STORED DATA:
--- START ---

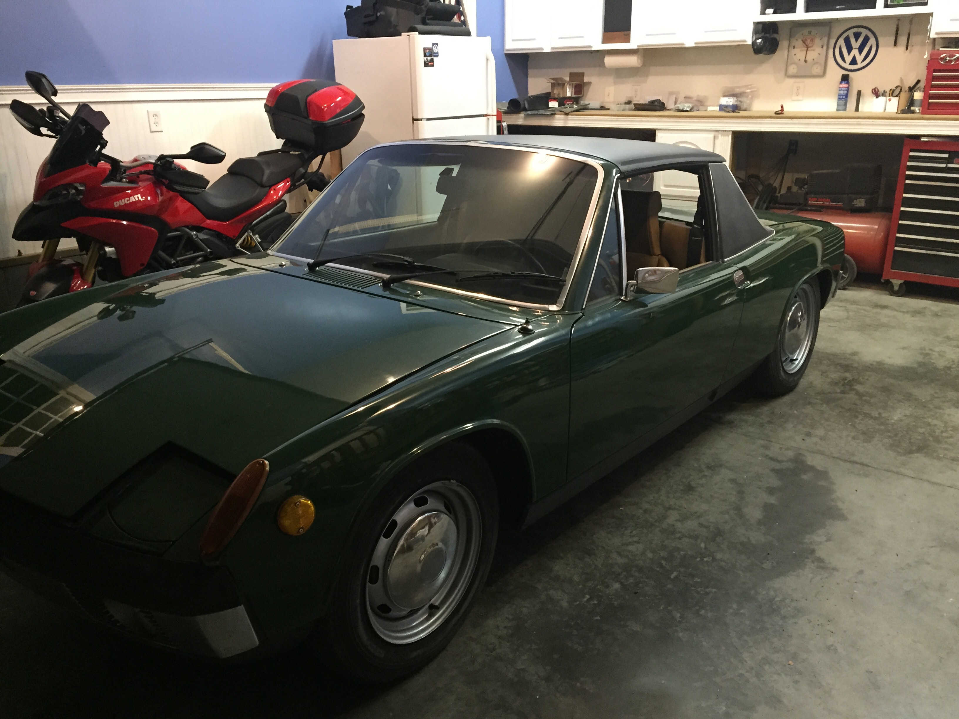 I met a guy at a local Air Cooled VW Club meeting a few years back. He was an older guy who said he had a 914 in his garage and had never drove it. He asked for my contact info and if I ever worked on them. 2 years later I get a call from him asking if I could come look at the car. I grabbed a buddy and we headed over. When we arrived we saw several cars under tarps and I thought this thing was going to need a lot of work being an East Coast car. We we to a garage out back and there it was.... A 1972 local owned, zero rust car. He bought it from an estate sale 8 years ago. After chatting a bit I discovered he wanted to sell the car. After a little negotiating with house CEO and the pending Sale of my Mini S, I now own another 914. It felt like something out of American Pickers and I'm honored to have been able to buy this car. It has a re-spray but is very original with owners manual and tool pouch. I hope to bond with it this weekend and get it going. Any feedback or comments are appreciated.
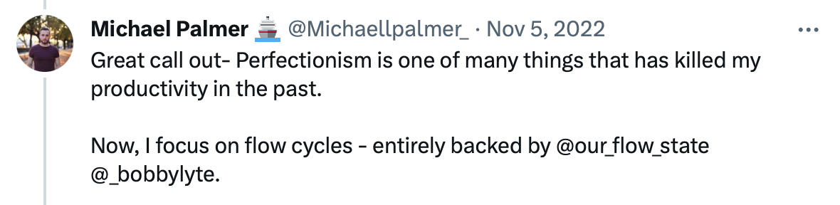You can probably see how deeply I care about this.But inspiring flow state isn’t unique to me at all.Think about your own work.Go far enough down the chain of what you do and you’ll find that ultimately, your work is meant to inspire flow state in others. To help people live a more present, peaceful and joyful life.Am I wrong? 😉
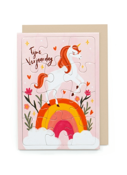 Dubbele wenskaart met op de voorzijde een puzzel die het kleine feestbeest meteen kan maken. Een klein cadeautje bij het kaartje. Wat leuk!
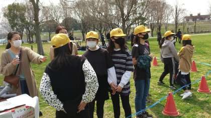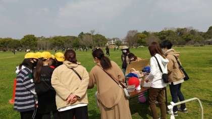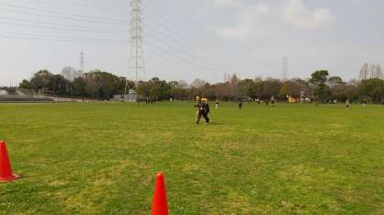 深北緑地の6年です。保護者の方もたくさん参加されています。ハンターが始まっています。スーツにサングラスの担任が鬼となって逃げる子どもたちを追うゲームですが、この緑地の広さを駆け回るのは大変…過ぎます。でも楽しそうです♪

--- END ---

EXERCISE REQUIREMENTS:
Wherever a picture appears in the listing above, drop it, and restate the rest exactly.

FINISHED EXERCISE:
 I met a guy at a local Air Cooled VW Club meeting a few years back. He was an older guy who said he had a 914 in his garage and had never drove it. He asked for my contact info and if I ever worked on them. 2 years later I get a call from him asking if I could come look at the car. I grabbed a buddy and we headed over. When we arrived we saw several cars under tarps and I thought this thing was going to need a lot of work being an East Coast car. We we to a garage out back and there it was.... A 1972 local owned, zero rust car. He bought it from an estate sale 8 years ago. After chatting a bit I discovered he wanted to sell the car. After a little negotiating with house CEO and the pending Sale of my Mini S, I now own another 914. It felt like something out of American Pickers and I'm honored to have been able to buy this car. It has a re-spray but is very original with owners manual and tool pouch. I hope to bond with it this weekend and get it going. Any feedback or comments are appreciated.
You can probably see how deeply I care about this.But inspiring flow state isn’t unique to me at all.Think about your own work.Go far enough down the chain of what you do and you’ll find that ultimately, your work is meant to inspire flow state in others. To help people live a more present, peaceful and joyful life.Am I wrong? 😉
 Dubbele wenskaart met op de voorzijde een puzzel die het kleine feestbeest meteen kan maken. Een klein cadeautje bij het kaartje. Wat leuk!
 深北緑地の6年です。保護者の方もたくさん参加されています。ハンターが始まっています。スーツにサングラスの担任が鬼となって逃げる子どもたちを追うゲームですが、この緑地の広さを駆け回るのは大変…過ぎます。でも楽しそうです♪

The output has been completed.